Ainsi nous rencontrerons également Gabriel, président du club nautique de Mindelo. Nous lorgnons sur un mât d’optimiste un peu tordu pour nous en faire un tangon (pour pouvoir tangonner un deuxième génois en transat et gagner en stabilité du bateau). Gabriel ne veut pas nous le vendre, mais nous emmène à l’autre bout de la ville dans un magasin tenu par un chinois qui a notamment des tubes aluminium de diamètre 50mm, exactement ce qu’il nous faut. Un tronçon de 3m fera l’affaire, le voilà notre tangon !

Nous réglons aussi le problème de rotule du régulateur d’allure, à l’aide d’une durite et de colliers d’électriciens qui feront la jonction entre la pâle aérienne et immergée de Philip’. Cette solution aura très bien marché !

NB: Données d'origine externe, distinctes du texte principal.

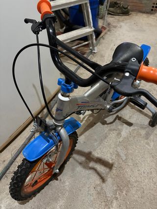 Bicicleta infantil con ruedas de 14 pulgadas. - Manillar con puños naranjas. - Frenos delanteros.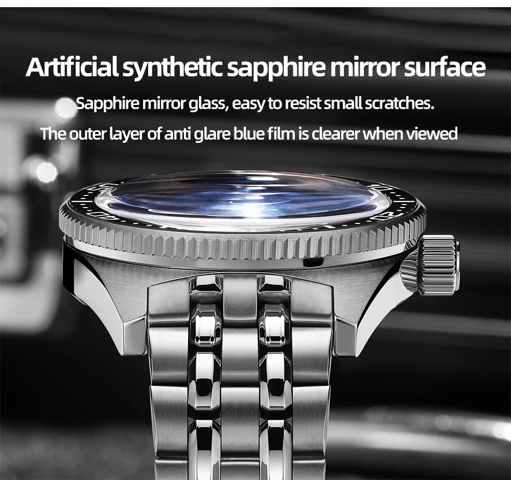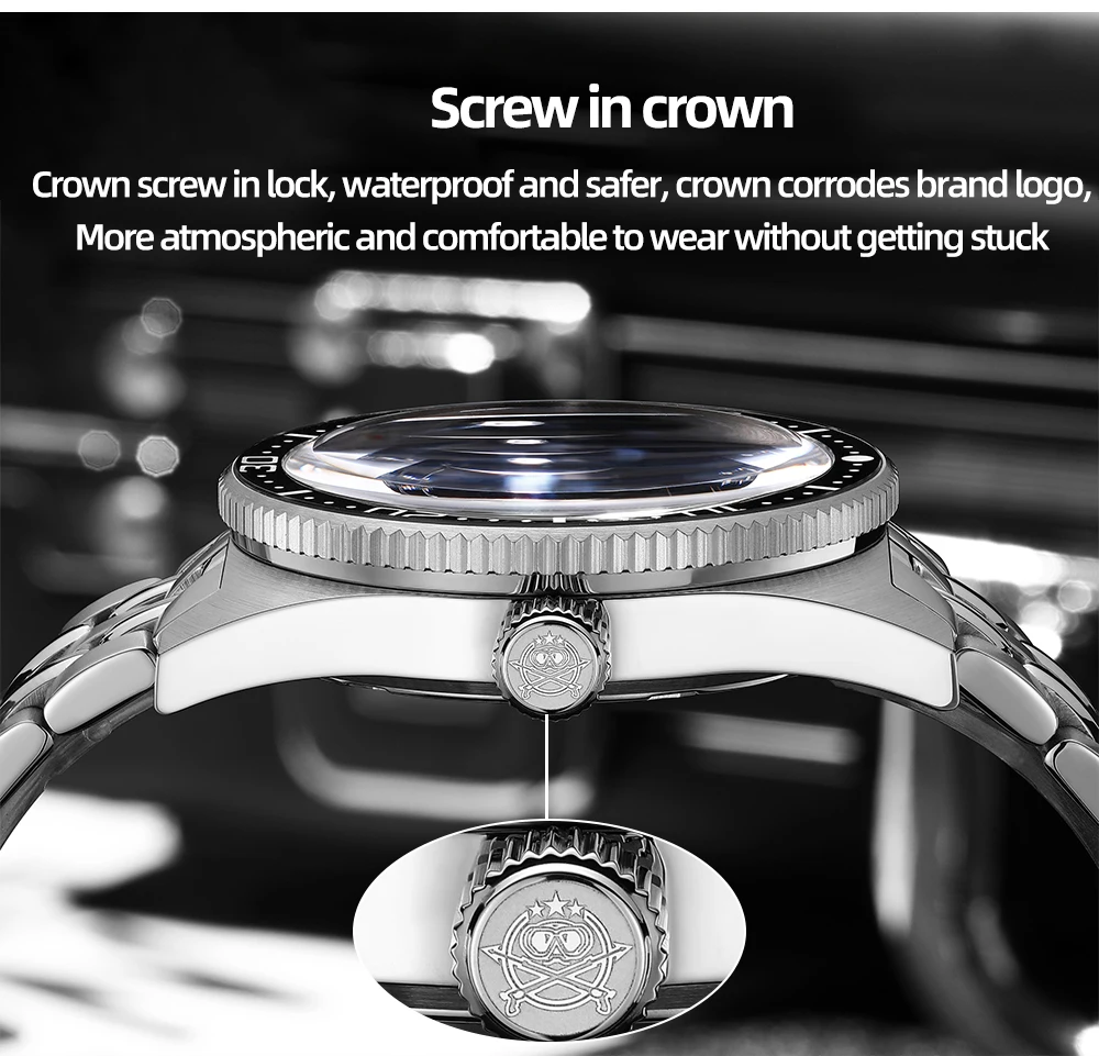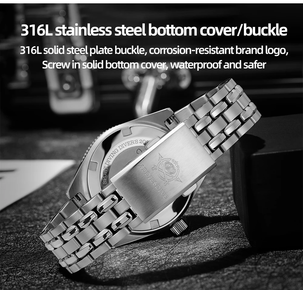 The 120-tooth unidirectional rotating bezel is also luminescent, perfect for divers. With a screw-down crown, screw-in case back, and 200M water resistance, this watch is suitable for hand washing, swimming, and diving. The 316L stainless steel bracelet with bracelet clasp provides a secure and comfortable fit.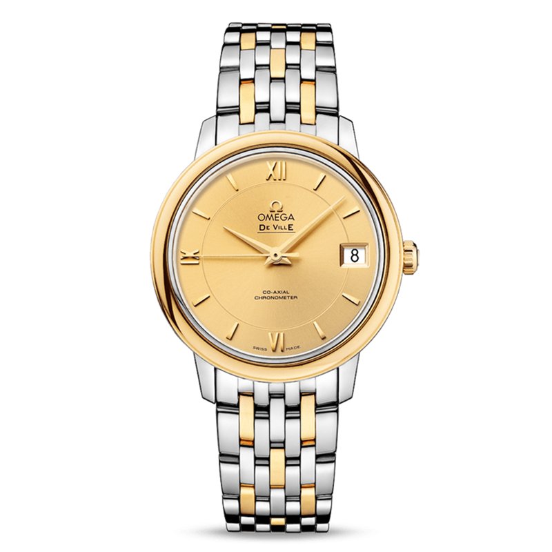 镜面材质 | 蓝宝石水晶玻璃 | 表盘 | 精钢-黄色18K金表壳 香槟色同心圆表盘,6、9及12时位置饰有金质罗马数字小时刻度。 表盘的3时位置设有日历窗口 |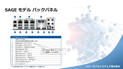 SAGE モデル バックパネル AST2600 BMCコントロー ラと連携したLANポート スケーラブルシステムズ株式会社 スケーラブルシステムズ株式会社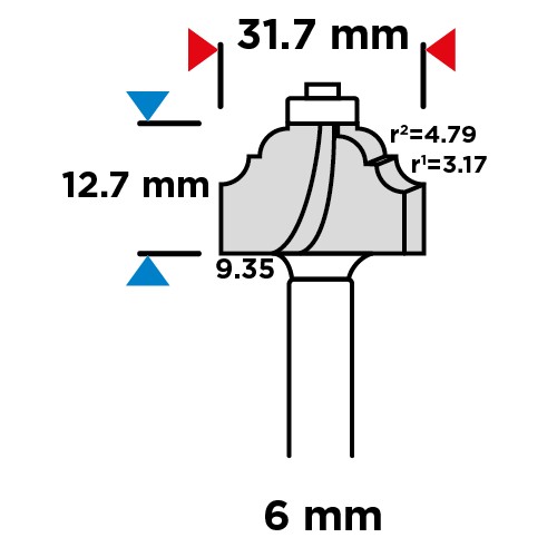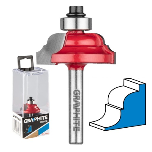 Frez kształtowy z łożyskiem, ozdobny, HM, 31.7 x 12.7 mm, trzpień 6 mm GRAPHITE (nr ref. 56H230) przeznaczony do precyzyjnej obróbki m.in. drewna, PCV, płyt wiórowych przy pomocy frezarek górnowrzecionowych. Głowica wyposażona została w płytki skrawające wykonane z węglika spiekanego. Frez wyposażony został w łożysko, które ułatwia prowadzenie frezarki.

Ce que nous retiendrons assurément de cette première expérience de grand voyage, c’est la solidarité entre navigateurs, ou plutôt entre « bateaux copains » comme nous nous plaisons à dire. Solidarité sans laquelle ce voyage n’aurait été possible. Il y a d’abord les discussions bateau où l’on apprend toujours quelque chose, les partages de connaissances, les partages d’expériences, les conseils, les bons tuyaux, les prêts de matériel, d’outils, le coup de main qui dépanne et qui remonte le moral, les échanges qui font chaud au cœur et nous permettent d’avancer encore. Des bateaux copains donc dans les coups durs mais aussi dans les bons moments, pour profiter d’un apéro au coucher du soleil par exemple !

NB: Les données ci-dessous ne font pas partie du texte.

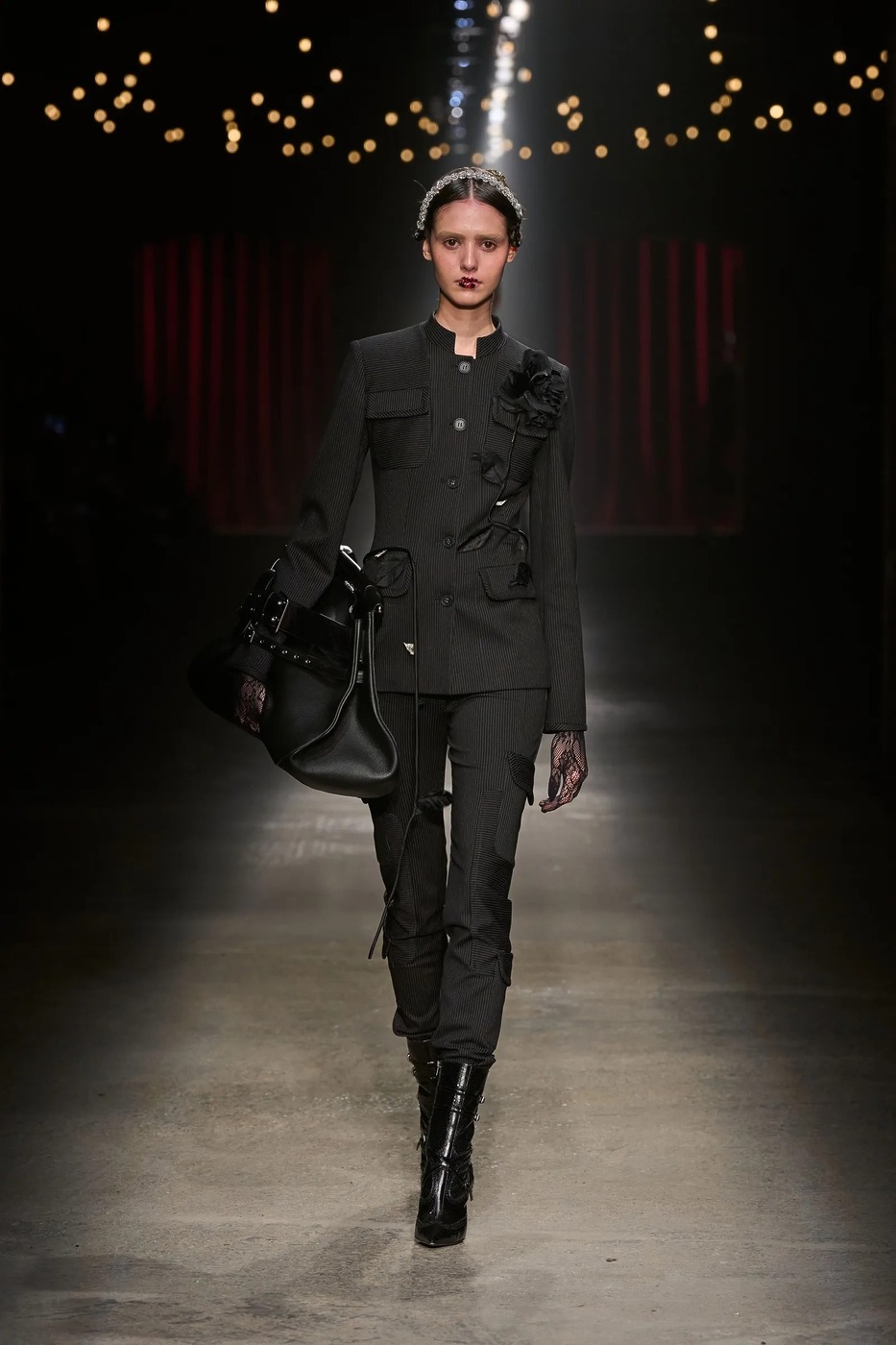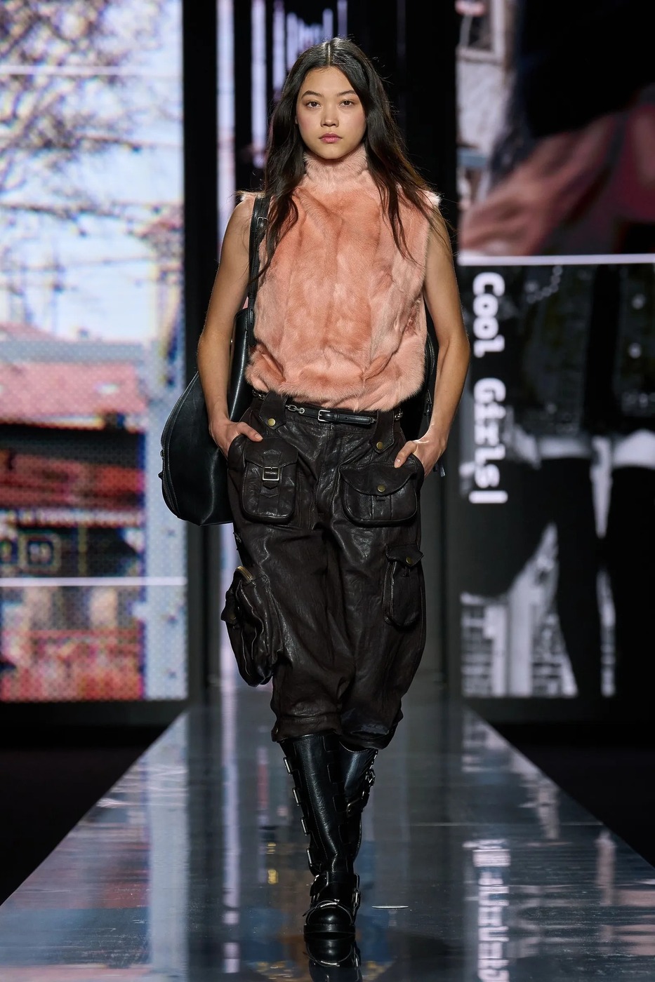 이번 시즌 카고 팬츠 이야기를 하면서 돌체앤가바나를 빼놓을 수 없습니다. 루스한 가죽 카고 팬츠를 선보이며 Y2K 감성을 제대로 표현했거든요. 낡은 느낌의 갈색 가죽 소재와 XL 포켓이 눈에 띄네요. 여기에 핑크 퍼 톱과 은색 버클이 달린 바이커 부츠까지 매치하니 ‘2000년대 팝 디바’ 느낌이 충만합니다. 마치 브리트니 스피어스 전성기의 스타일링 교과서 같은, 도시적이고 팝한 스타일링이네요.

Cette fois ci, c’est le bateau copain « Bulle » qui fait appel à notre aide. Ils ont en effet un problème de safran, ou plutôt de compensation du safran par où l’eau s’infiltre dans le bateau. En effet, la compensation du safran fait partie intégrante de la structure de la coque, et il se trouve qu’elle était déchirée et bougeait dangereusement. Nous les avons aider à re-stratifier cette partie pendant deux jours, fibre de verre, résine, fibre de verre, résine, pour un total de 15 couches ! Nous sommes maintenant les pro’ de la stratification ! Apprentissage 🙂


Opérations réparations réussies, derniers réglages faits, coque grattée en apnée pour avoir une carène lisse et mieux glisser sur l’eau ; on est prêt juste à temps pour accueillir notre dernière équipière fraichement débarquée de Suisse, Shan, en compagnie de fromages et chocolats (c’est important de savoir choisir ses équipiers :D). Aller, un dernier petit tour sur l’île de Santo Antao pour se dégourdir les jambes avant le grand départ, faire découvrir les rando’ au milieu des bananiers, goyaviers, papayers, cannes à sucre, arbre à pain à notre équipière et filmer les cultures en terrasses caractéristiques de ces îles volcaniques escarpées où l’érosion a à peine commencé son œuvre.



Super ce texte et génial de trouver des bateaux copains pour se faire des pansements.